Kurt Elster: All right, a picture is starting to emerge here. By starting with great product, filling at the time a void in the market, and then attaching this local message to it and fulfilling on it by it is made from local ingredients and we are selling it at a local farmer’s market, you end up unintentionally, I would think, recruiting brand evangelists. Only those brand evangelists are… Many of whom sound like are going to be local community leaders. And so, now you end up, people are buying… I love like, “Hey, I’m buying a case for my run club.” You know, it’s going into local community organizations and now you start getting into local community cafes, and the whole thing is available online, as well, for people to buy and ship with convenience and share.

All right. Once we get that far, initially you’re making it yourself in your kitchen. How do you make that… When and how do you make that jump to manufacturing?

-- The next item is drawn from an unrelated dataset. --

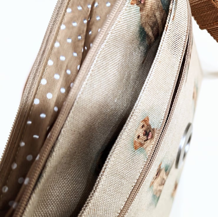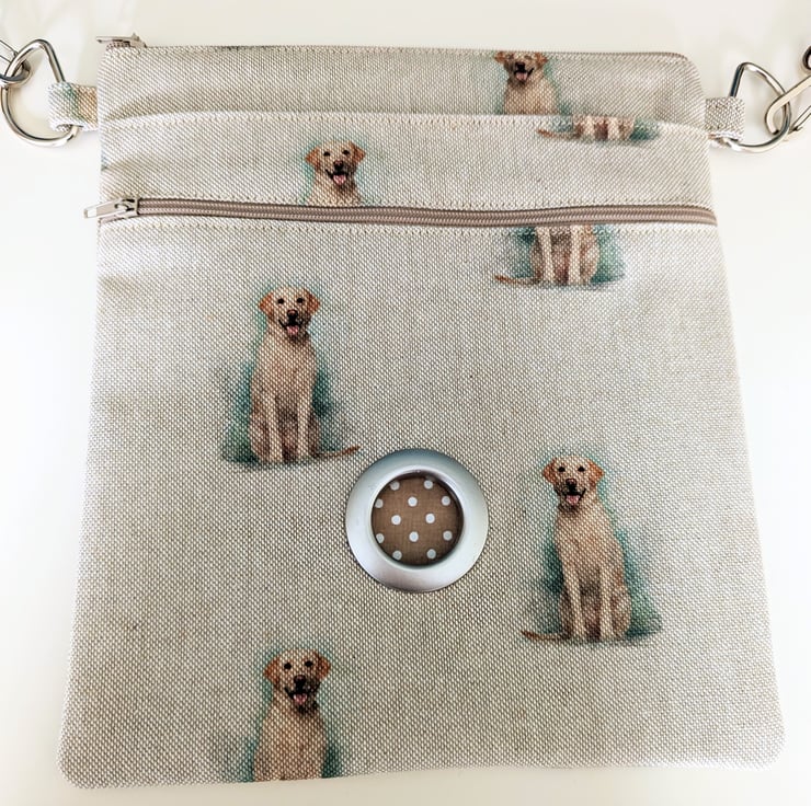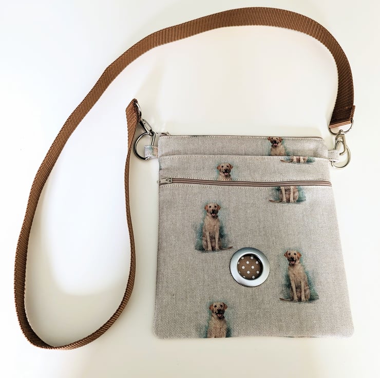 This is a dog walking bag made in Golden Labrador fabric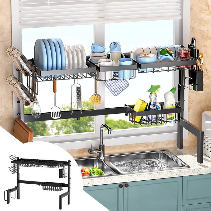 Полка для хранения на кухне над раковиной, растягивающаяся полка для сушки посуды, нож для посуды, ложка, полка для мойки, кухонная утварь и аксессуары — купить товар онлайн с бесплатной доставкой по всему миру!

Because that’s the part that scares the heck out of me.

Sheena Russell: As it should. As it should. We, in 2014, when I became pregnant with my daughter, the visual that I paint for people is that I was literally… My belly was getting in the way of rolling out pans of bars, right? I was like physically incapable of doing it at this point. And we really needed some support on the manufacturing side, so for those not in the food and beverage space, somebody that you partner with to do your manufacturing for you is usually called a copacker, contract manufacturer.

So, we were actually inbounded. This is a theme for us. Inbounded by this social enterprise organization here in Nova Scotia that employs adults with barriers to the mainstream workforce in a bakery program, and they were looking for more work for their participants, and they called me and said, “Hey, we’ve heard that you guys are growing really quickly. Wondering if you need some help on the manufacturing side.” And I remember sitting, I was in my company vehicle at the time, because I was still working full time and I was like eight months pregnant. I remember just sitting in a parking lot having gotten this call on my flip phone or something and just sobbing tears of joy, because I was like, “Oh my God. Thank God I’m finding a solution.”

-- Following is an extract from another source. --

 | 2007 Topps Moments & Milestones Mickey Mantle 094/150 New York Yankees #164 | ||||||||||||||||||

Because honestly, I didn’t know what I was gonna do. I didn’t really have a plan. I just knew that this business was continuing to grow, and I was gonna keep doing it for as long as I could, but of course I went down and visited this bakery, and connected with this organization called The Flower Cart Group, and we got together and we made some bars over the course of a couple of days, and spending time in their bakery and seeing these… The local honey come in, and the blueberries, and the chocolate, and the oats, and all these things come into this bakery from the local farmers and food producers, and then get turned into bars by adults who maybe for the first time in their lives are experiencing dignified, gainful employment, and it’s making an incredibly positive impact on their lives, I’m seeing these bars go out the door now to retailers and saying like, “The impact that is being created through multiple layers of this bar’s creation and existence is incredible and nobody else is doing anything like this. And I know there’s people who would value this in their lives.”

So, that first foray into co-manufacturing was with a social enterprise bakery in 2014, and we grew in partnership with that social enterprise from 2014 all the way up until about a month ago, and it was and continues to be a really, really beautiful partnership. And I joked earlier about manufacturing being a lot. I say that as I sit in our own, currently, our very own manufacturing facility that just got up and running in the last few weeks here in Nova Scotia, as well. So, we’ve taken it in house because we needed more capacity, as is a theme, and it’s been incredible.

Kurt Elster: It is incredible. I mean, both the timing, how aligned with the values this manufacturer was for you, your copacker, and then how you were able to work with and stay with them for many years, and now have moved onto establishing your own manufacturing facility. Which, that sounds even scarier, though I assume with experience… How was it? You feeling good about it?

Sheena Russell: I mean, I would say how is it. We’re in the belly of the beast right now, Kurt. It is really intense, but amazing, and I think a theme that continues to shine throughout the course of the Made with Local story is how important people are, you know? And community. We bought a building from our original peanut butter supplier, so there was a little peanut butter factory in the small town in Nova Scotia called Windsor, and the couple that ran it for 30 years, a couple named Dave and Connie, decided they wanted to retire. They’re in their early 70s and they called us up and said, “Hey, Sheena. Have you ever thought about purchasing a manufacturing facility?”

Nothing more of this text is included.